There are not actually infinitely many ways to say “infinitely many”, but there sure are a lot of them. Here are over a dozen phrases one might hear to describe a situation where a solution set is infinite.

Possibility 1. “There are infinity solutions.” … This seems to be widely derided as “mathematical babytalk”; it tacitly endorses the notion that infinity is a number. Teachers discourage the notion for good reason: If you treat infinity as a number and do it wrong, you get paradoxes that can infect the sensible kind of math as well. Whereas if you treat infinity as a number and do it right, you learn that infinity corresponds to not just one “number” but many of them (a topic I briefly touch upon in Endnote 2).

Possibility 2. “There are infinite solutions.” … Many people use “infinite” as a cardinal because they aren’t imagining situations in which an individual solution could be infinite. Timothy Gowers pointed out the Veritaseum video “How An Infinite Hotel Ran Out Of Room”, which uses the phrase “infinite rooms” to mean “infinitely many rooms” and the phrase “infinite people” to mean “infinitely many people”. To me, “infinite people” distractingly suggests people who are infinitely tall or infinitely heavy or infinitely smart. As for “infinite rooms”: if the rooms are individually infinite, wouldn’t a single one of those rooms accommodate all the guests, assuming they don’t care about privacy?

Possibility 3. “There is/are an infinity of solutions.” … I’m fine with both of these.

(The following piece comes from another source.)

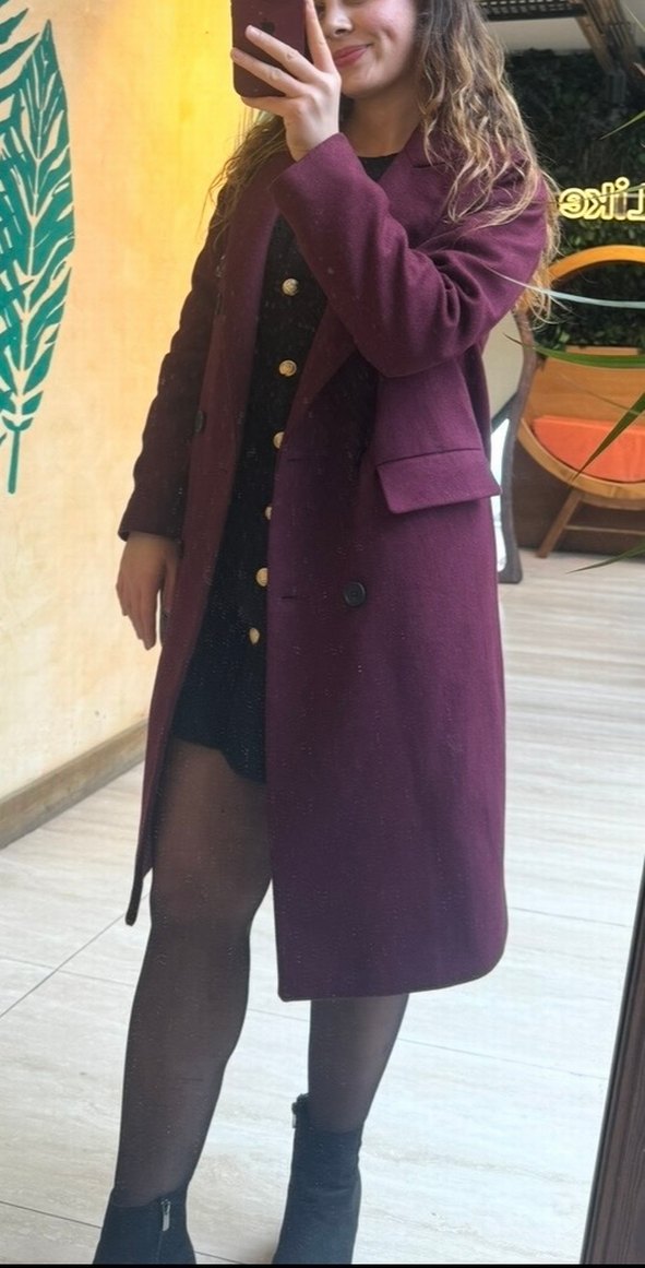 Düğmeli çift sıra düğmeli ve kapaklı cepleri olan uzun mor kaban, şık ve zarif bir görünüm sunar.

Possibility 4. “There are infinitely many solutions.” … That’s the one I favor, but many people who prefer “infinite solutions” say “infinitely many solutions” sounds “overly pretentious” (as opposed to insufficiently pretentious or just-pretentious-enough, I guess). The linguistic divide seems to become entrenched at age twenty or earlier: “infinitely many” sounds correct to people who are math majors but sounds excessively formal to people who are not math majors.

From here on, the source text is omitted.